Data provided:

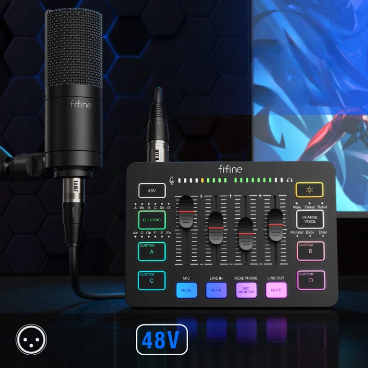 Аудиомикшер FIFINE Gaming, потоковый микшер RGB для ПК с микрофонным интерфейсом XLR, индивидуальными элементами управления, регулятором громкости, кнопкой отключения звука, фантомным питанием 48 В, для подкастов, записи,
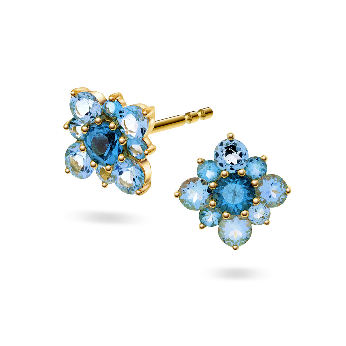 Klar og elegant ørepynt i 14 karat gult gull med naturlig topas i et raffinert blomstermønster. Med 1.00 ct edelsten får du et uttrykk som er både friskt og eksklusivt – hvor lysblå toner gir et subtilt fargespill mot det gyldne gullet. Hver sten er presist satt for optimal glans. Det klassiske uttrykket får et moderne løft gjennom fargevalget.
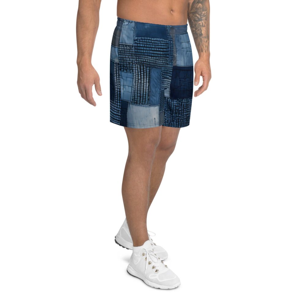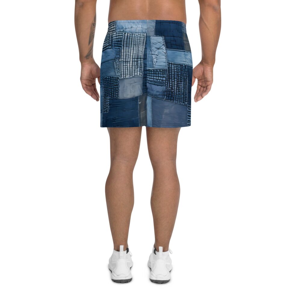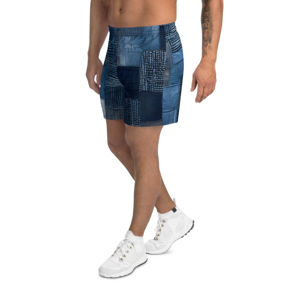 Šortu apdruka imitē denim patchwork efektu – tumši zili, abstrakti krāsu laukumi ar grafiskiem rakstiem rada dziļumu un mūsdienīgu, urbānu tekstūru. Šis ir ideāls apģērbs vīrietim, kurš novērtē stila un funkcionalitātes apvienojumu.
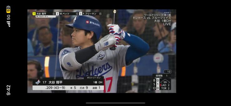 ワールドシリーズ第1戦、ドジャース VS ブルージェイズ。 香港で山歩きしながらロジャーセンターの試合をほぼリアルタイムで見られるって、すごいね。^^
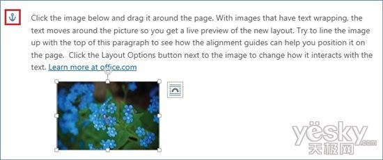 图文混排中有一中图像形式是“浮动”。正如前面提到的,内嵌图像就像是一个可见的超大字符。然而,浮动图像可以作为隐藏的字符附加到文本,这个 隐藏字符就是我们所说的“锚”。在过去的版本的Word中需要进入Word的高级选项对话框中才能打开锚显示。为了使用更加明显,新的Word2013中 默认打开了这个选项。

What needs to be done:
Write out exactly the lines from the line that contains "ワールドシリーズ第1戦、ドジャース VS ブルージェイズ。" to the last line of the material above, both included; pictures do not belong in the copy.

Response box:
 ワールドシリーズ第1戦、ドジャース VS ブルージェイズ。 香港で山歩きしながらロジャーセンターの試合をほぼリアルタイムで見られるって、すごいね。^^
 图文混排中有一中图像形式是“浮动”。正如前面提到的,内嵌图像就像是一个可见的超大字符。然而,浮动图像可以作为隐藏的字符附加到文本,这个 隐藏字符就是我们所说的“锚”。在过去的版本的Word中需要进入Word的高级选项对话框中才能打开锚显示。为了使用更加明显,新的Word2013中 默认打开了这个选项。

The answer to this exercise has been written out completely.